The War of the Reunions (1683–84) was a conflict between France, Spain and the Holy Roman Empire, with limited involvement by Genoa. It can be seen as a continuation of the 1667–1668 War of Devolution and the 1672–1678 Franco–Dutch War, which were driven by Louis XIV's determination to establish defensible boundaries along France's northern and eastern borders.

Despite the peace established by the 1678 Treaty of Nijmegen, Louis retained a large army, an action extremely unusual in the period. In 1681, his troops seized Strasbourg and in 1682 occupied the Principality of Orange, then a possession of William of Orange. When hostilities began in 1683, French support for the Ottomans in their war with Austria allowed Louis to capture Strasbourg and Luxembourg and consolidate his position in Alsace.

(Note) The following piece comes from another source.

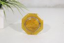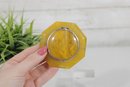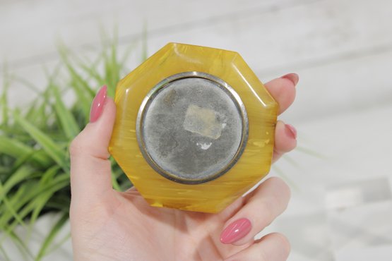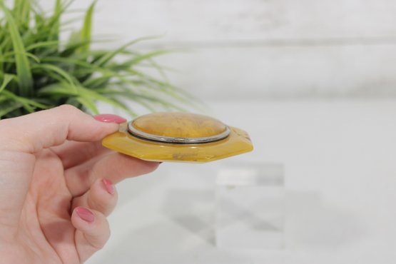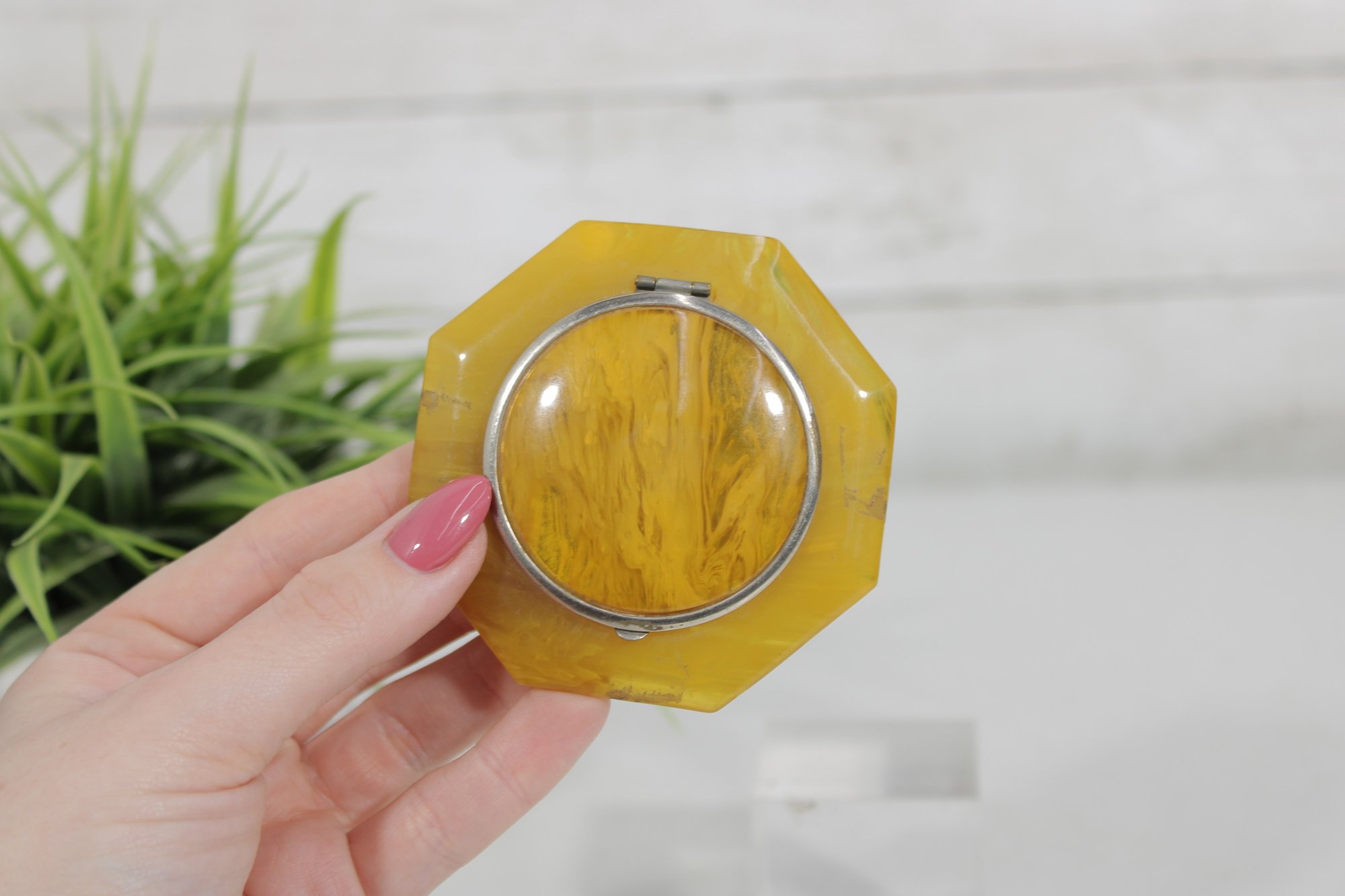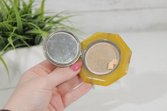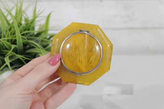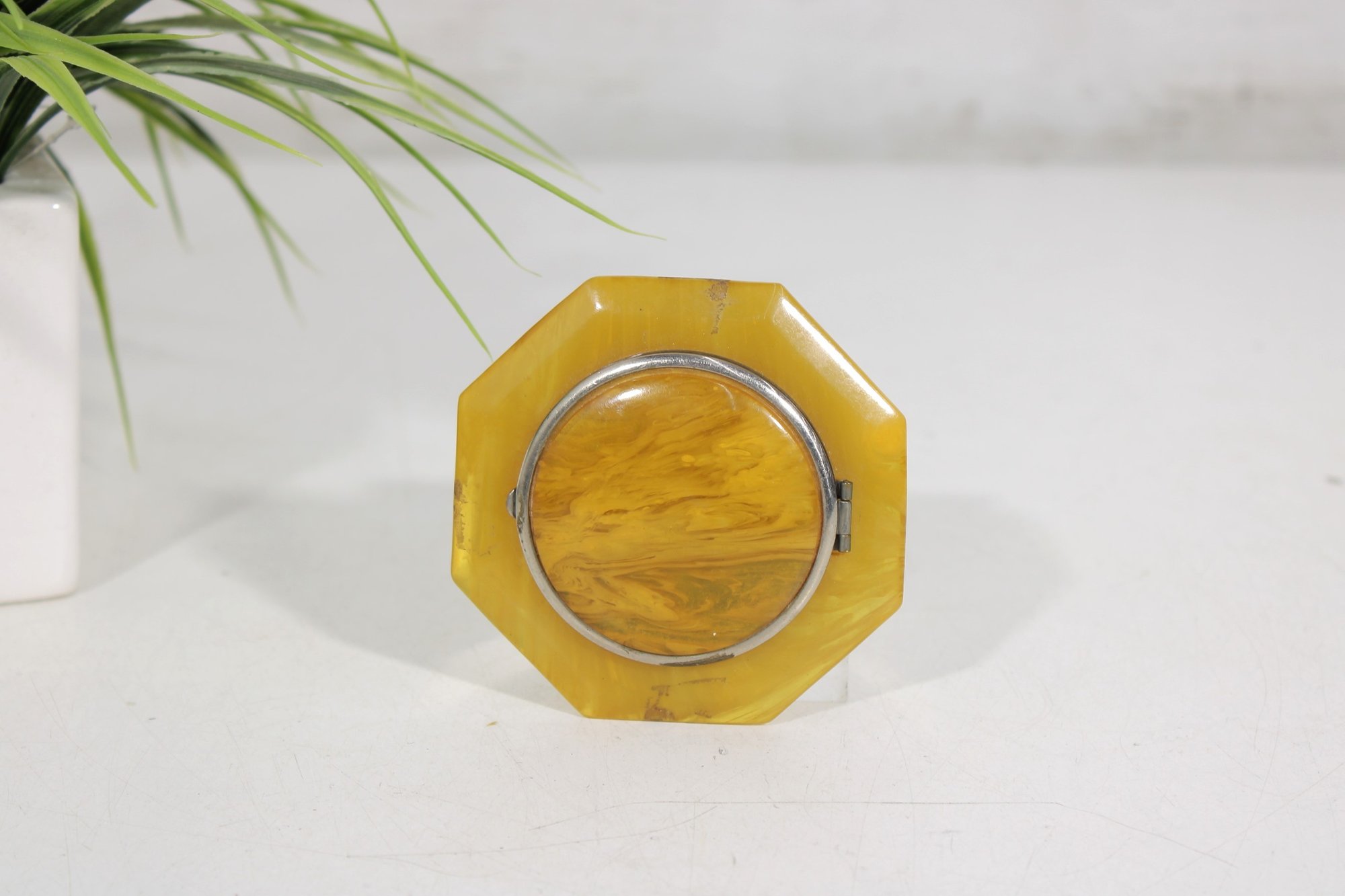 a beautiful vintage butterscotch Bakelite powder compact featuring a distinctive octagonal shape and warm marbled Bakelite coloring. The compact has a classic mid-century vanity design with a silver-tone hinged lid and interior mirror.

The Truce of Ratisbon that ended the conflict marked the high water mark of French territorial gains under Louis XIV. Afterwards, his opponents would recognize the need for unity in order to resist further expansion, leading to the 1688 creation of the Grand Alliance, an anti-French coalition that fought in the Nine Years' War and the War of the Spanish Succession.

Background
Under the treaties of Westphalia in 1648, Aix-la-Chapelle in 1668 and Nijmegen in 1678, France acquired territories in the Rhineland and along its northern border with the Spanish Netherlands. When a town changed hands, it normally included the economic hinterland surrounding it but treaties often failed to define the boundaries of these dependent regions. Although willing to negotiate those within the Spanish Netherlands on a bilateral basis, Louis regarded acquisitions in Alsace and Lorraine as essential to securing his borders. For these areas, he set up "Chambers of Reunion" to determine whether France had been awarded all the territory owed; since those appointed to the Chambers were French lawyers, the normal result was to demand additional concessions but as these generally consisted of small towns and villages, they went unopposed.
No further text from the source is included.